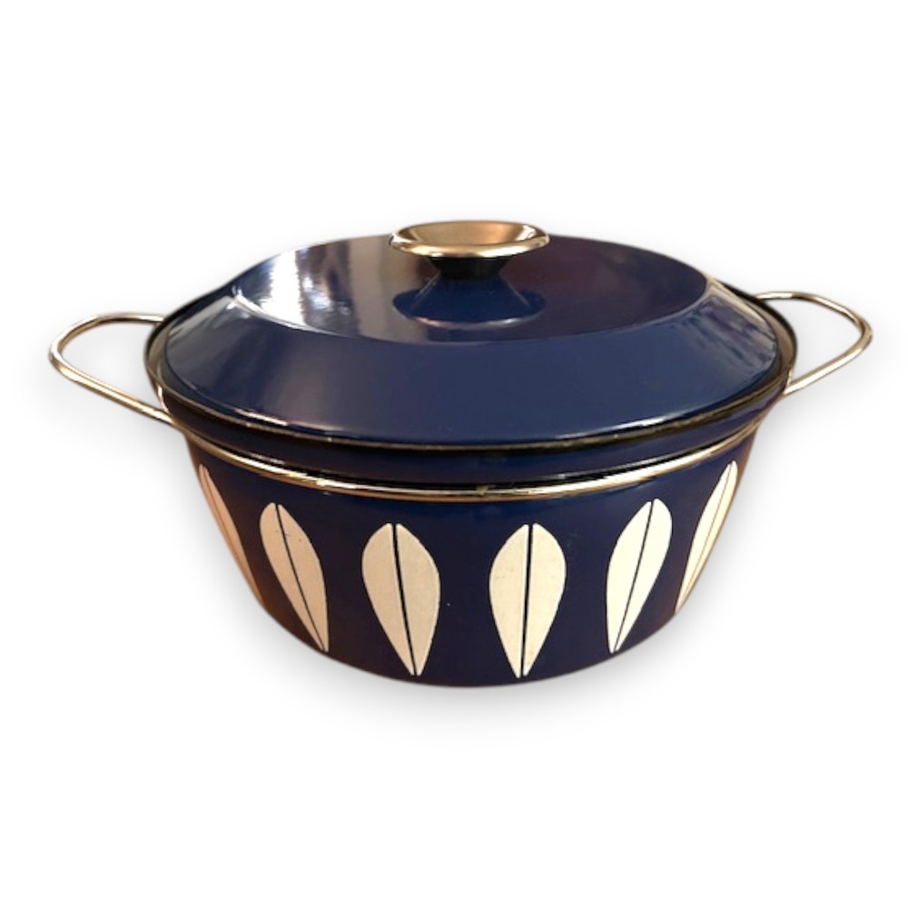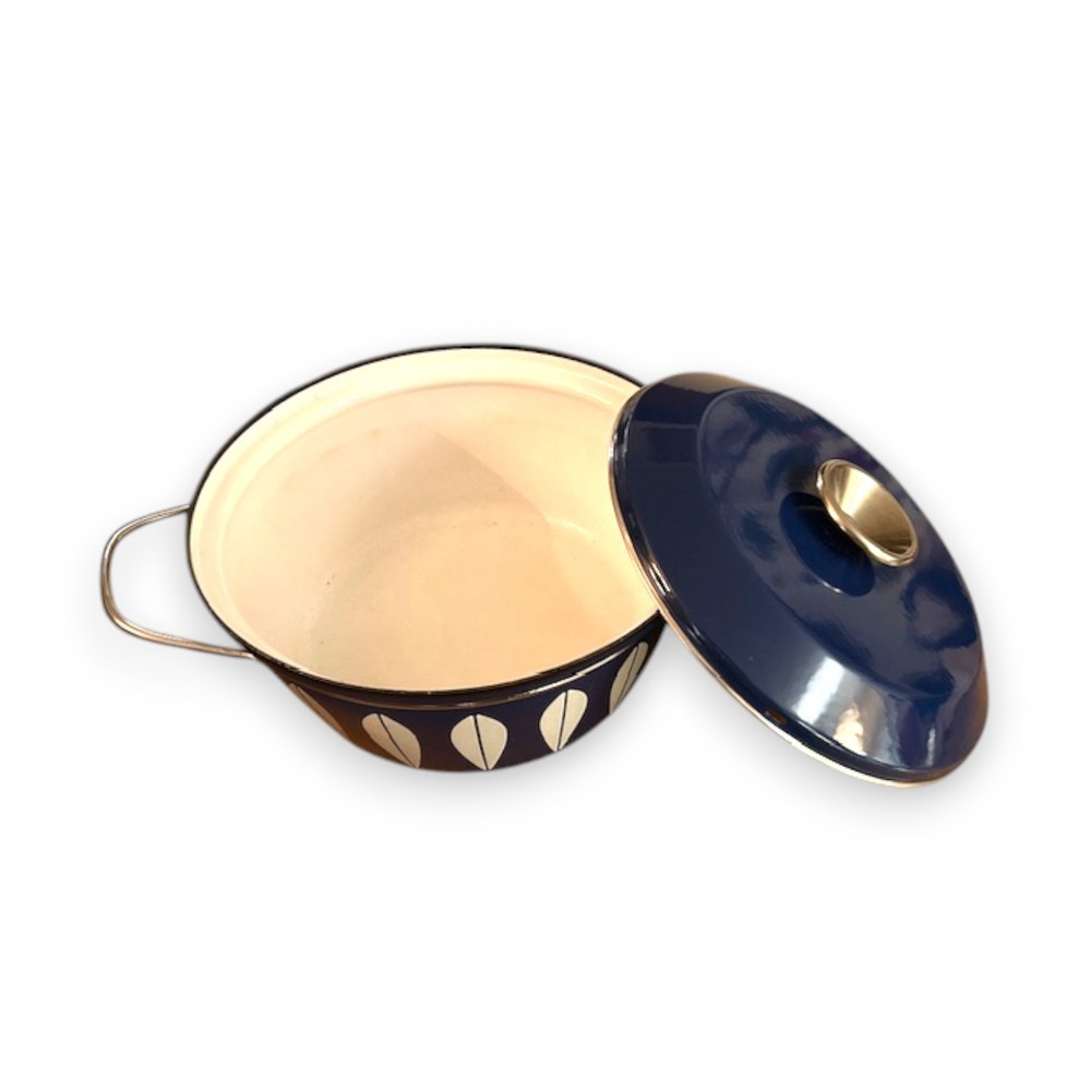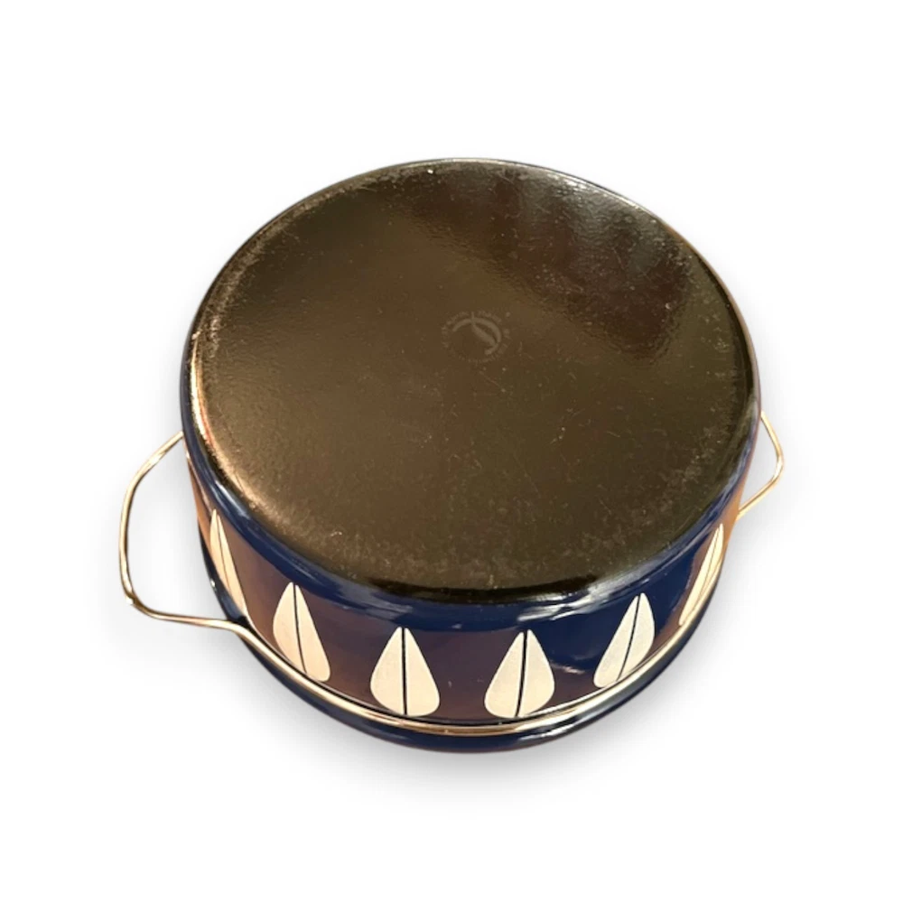 This vintage 11" Cathrineholm White Lotus on Blue Enamelware stockpot is a unique and collectible piece of cookware made in Norway. The round stockpot features a blue color with a white lotus design, adding a touch of retro charm to any kitchen. With a capacity of 8 quarts and compatibility with both electric and gas stoves, this two-piece set includes a lid and is perfect for any cooking enthusiast looking for a vintage addition to their collection. Exceptional condition.
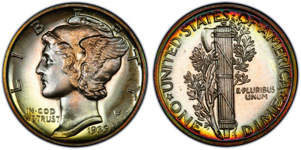 Mercury dimes, sometimes called Winged Liberty dimes, were produced from 1916-1945. Dates from the 1940’s are more common and are often in less worn condition than earlier dates.
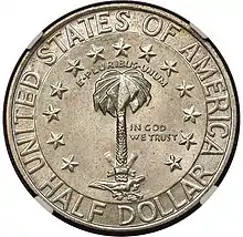 The reverse depicts a palmetto tree, the emblem of South Carolina. Arrows are tied to its base in a saltire pattern by a broad ribbon, signifying the tree's military connotation. On June 28, 1776, a British naval squadron tried to seize Fort Moultrie in Charleston Harbor. Though many shots were fired by the British ships during the Battle of Sullivan's Island, those that hit the fortifications were absorbed by the soft palmetto logs that formed it; the American death toll was 12 against hundreds of British killed by the fort's gunfire. The lopped oak branch at the palmetto's base symbolizes the oaken British vessels.[26] As Arlie Slabaugh Jr. put it in his volume on commemorative coins, "the South Carolinians had proven in 1776 that the palmetto was superior to the oak of Old England, and so it appears above the oak on this coin".[5] The 13 stars surrounding the tree ostensibly symbolize the original American states, but may also have been intended to evoke the Confederate States of America.[26][lower-alpha 2] The name of the country, the coin's face value, and the mottos required by law appear on the reverse. Davidson's initials do not appear on the coin.[27]

#### To do
Because the copy must hold no pictures, return only the lines that run from the line containing "Mercury dimes, sometimes" to the end of the data above, each exactly as it stands.

#### The completed task
 Mercury dimes, sometimes called Winged Liberty dimes, were produced from 1916-1945. Dates from the 1940’s are more common and are often in less worn condition than earlier dates.
 The reverse depicts a palmetto tree, the emblem of South Carolina. Arrows are tied to its base in a saltire pattern by a broad ribbon, signifying the tree's military connotation. On June 28, 1776, a British naval squadron tried to seize Fort Moultrie in Charleston Harbor. Though many shots were fired by the British ships during the Battle of Sullivan's Island, those that hit the fortifications were absorbed by the soft palmetto logs that formed it; the American death toll was 12 against hundreds of British killed by the fort's gunfire. The lopped oak branch at the palmetto's base symbolizes the oaken British vessels.[26] As Arlie Slabaugh Jr. put it in his volume on commemorative coins, "the South Carolinians had proven in 1776 that the palmetto was superior to the oak of Old England, and so it appears above the oak on this coin".[5] The 13 stars surrounding the tree ostensibly symbolize the original American states, but may also have been intended to evoke the Confederate States of America.[26][lower-alpha 2] The name of the country, the coin's face value, and the mottos required by law appear on the reverse. Davidson's initials do not appear on the coin.[27]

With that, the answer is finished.